:: Supplied data
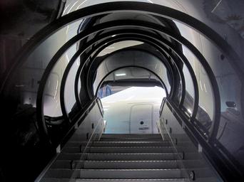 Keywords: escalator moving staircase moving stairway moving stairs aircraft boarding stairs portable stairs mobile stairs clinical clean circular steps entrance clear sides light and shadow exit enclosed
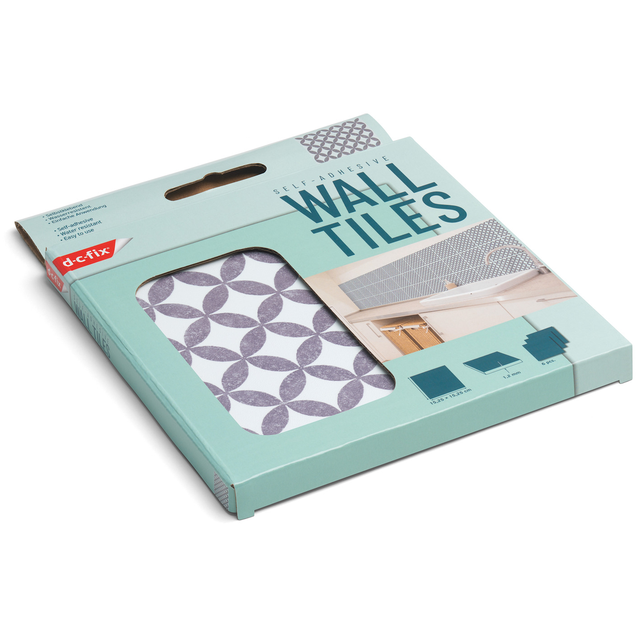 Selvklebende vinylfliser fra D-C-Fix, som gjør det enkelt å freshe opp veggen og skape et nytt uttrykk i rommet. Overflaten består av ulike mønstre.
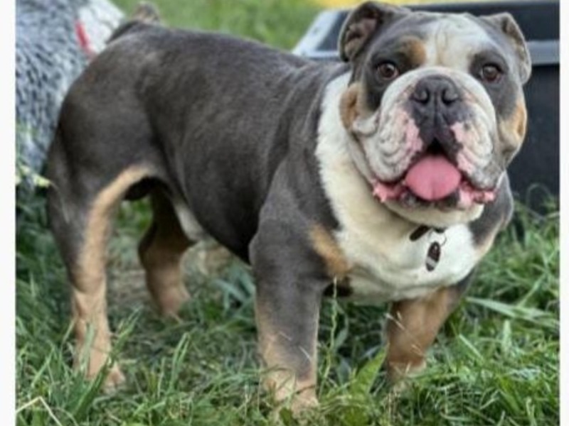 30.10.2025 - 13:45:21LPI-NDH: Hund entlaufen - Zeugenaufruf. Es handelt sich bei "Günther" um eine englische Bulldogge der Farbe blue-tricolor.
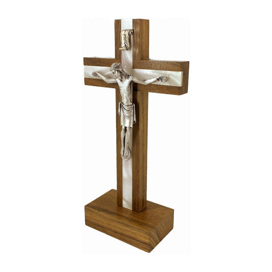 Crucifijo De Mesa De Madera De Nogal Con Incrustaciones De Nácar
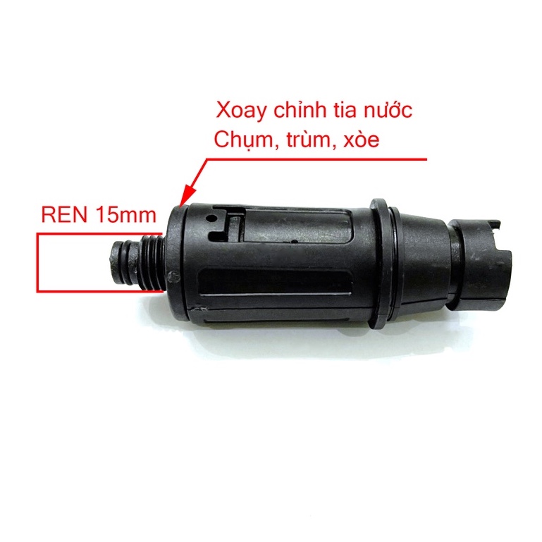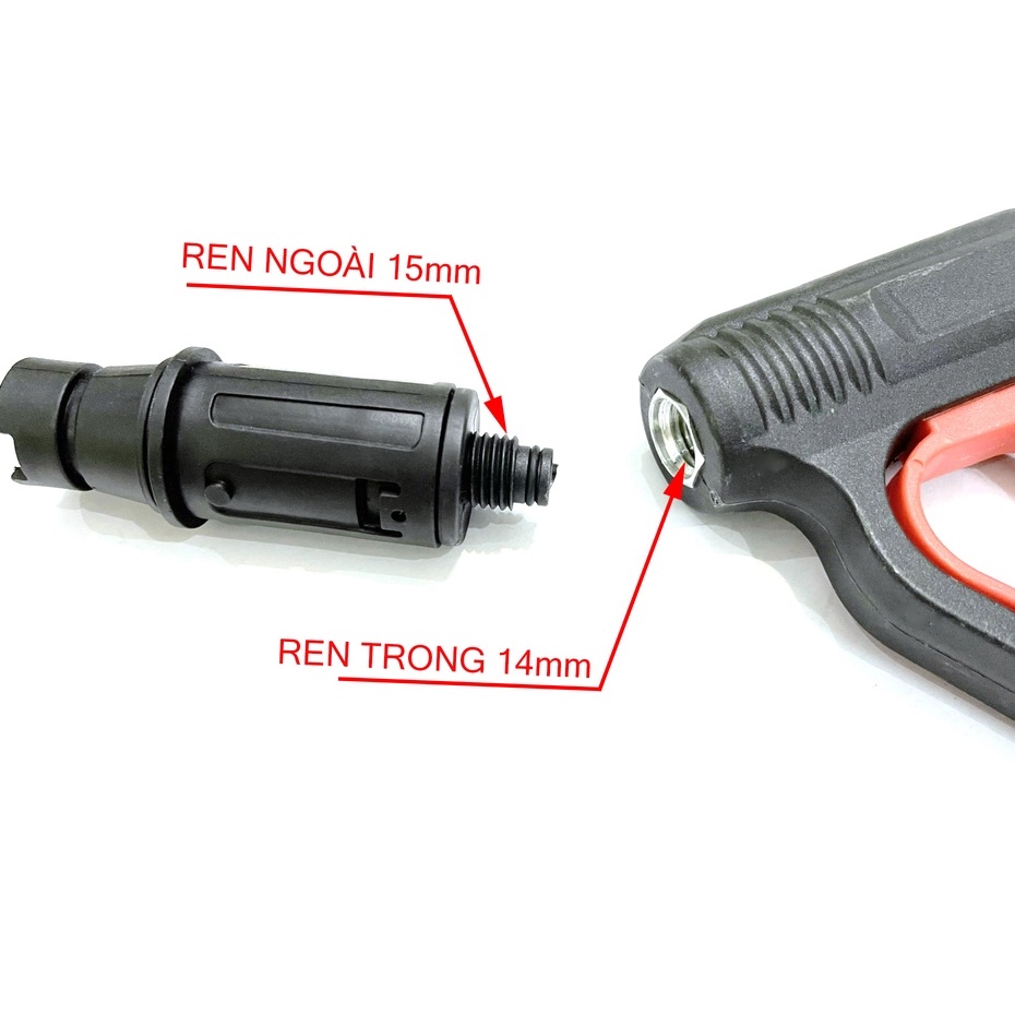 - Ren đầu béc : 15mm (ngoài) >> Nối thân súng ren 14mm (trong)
::::
**Problem requirements:** In the answer, the lines from the one containing "Selvklebende vinylfliser fra" to the end of the records above must be written out exactly, both ends included; the pictures must not appear.

**Reply:**
 Selvklebende vinylfliser fra D-C-Fix, som gjør det enkelt å freshe opp veggen og skape et nytt uttrykk i rommet. Overflaten består av ulike mønstre.
 30.10.2025 - 13:45:21LPI-NDH: Hund entlaufen - Zeugenaufruf. Es handelt sich bei "Günther" um eine englische Bulldogge der Farbe blue-tricolor.
 Crucifijo De Mesa De Madera De Nogal Con Incrustaciones De Nácar
 - Ren đầu béc : 15mm (ngoài) >> Nối thân súng ren 14mm (trong)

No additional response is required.